2018-08-14T18:06:38.000100Z

ok, i wouldnt be able to tell right now. it's most likely a bug in the sql plugim

rustam.gilaztdinov 2018-08-14T18:18:10.000100Z

Oh(

rustam.gilaztdinov 2018-08-14T18:23:27.000100Z

It's bad, I'm data analyst, and thinking about writing complex transformation on sql data( we have huge postgres database, and this is why i peek onyx. Clojure is so great to work with data and in combination with onyx it's promise so much. Which kind of workflow you suggest -- produce data to kafka, and work with kafka plugin and sql-plugin to output?

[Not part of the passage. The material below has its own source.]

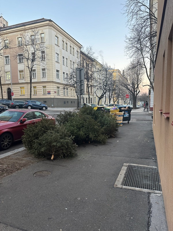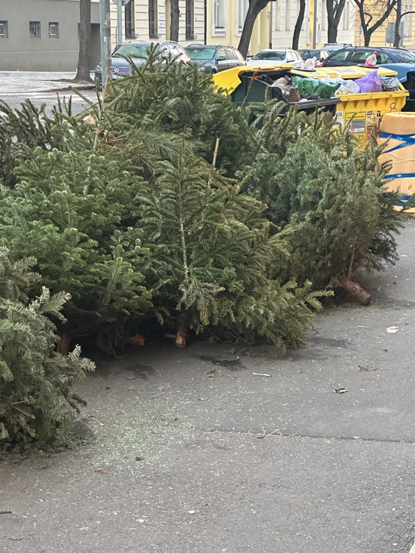 Podľa Vášho vyjadrenia majú byť stromčeky odvážené v pravidelných vývozoch odpadkov. To sa bohužiaľ nedeje! Poprosím Vás o upratanie, tých stromčekov tu máme už 6, na ulici zavadzajú. Zároveň je pod nimi neskutočný bordel, kto bude mať na starosti vyčistenie? Podľa pravidiel má upratovanie pri kontajneroch zaisťovať firma AVE, tá to však nerobí, naposledy nechali celý priestor pokrytý ihličím.
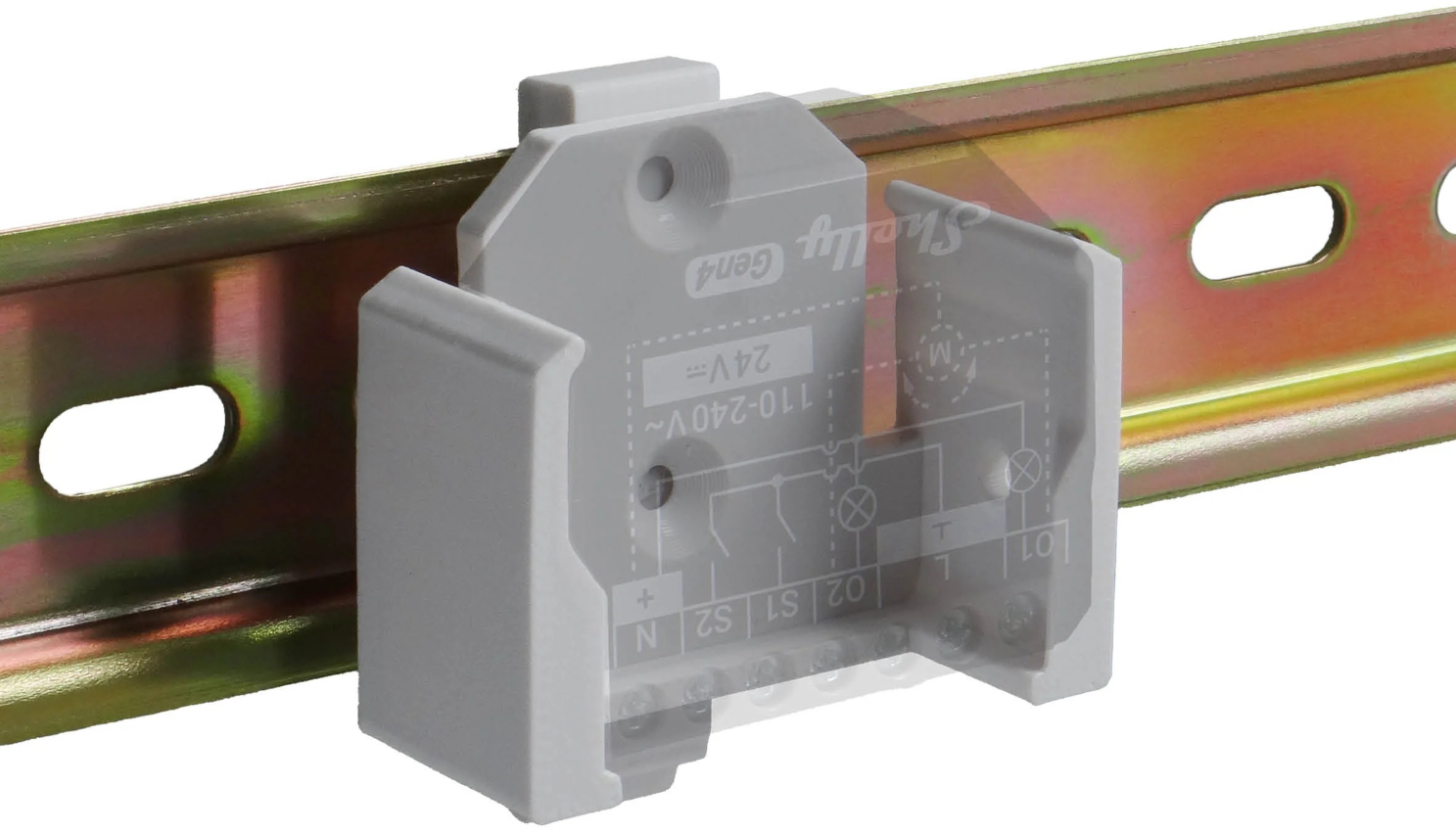 Light Solutions Shelly-DIN-Rail Adapter for Gen2 Devices (Shelly Plus I4 I4 DC Plus 1 Plus 1pm Plus 2pm 0-10 V Dimmer)

2018-08-14T18:50:56.000100Z

it completely depends upon what you want to do with the data. I would say that Onyx shines more in production workloads, for exploratory data analysis you want to keep things in a relational database or data warehouse.

2018-08-14T18:51:31.000100Z

in production, you could use Onyx to implement your actual algorithms, for example indeed sourcing from Kafka and writing into PostgreSQL

2018-08-14T18:52:34.000100Z

but it all completely depends on what you plan on doing

2018-08-14T18:52:46.000100Z

and it needs to be properly tailored towards your use case

2018-08-14T18:52:58.000100Z

There is no one size fits all solution here :)

rustam.gilaztdinov 2018-08-14T19:10:30.000100Z

Agree) but when data is huge, not so big for hadoop and spark -- ETL on this size of data on single machine is slow. Think, this totally onyx case.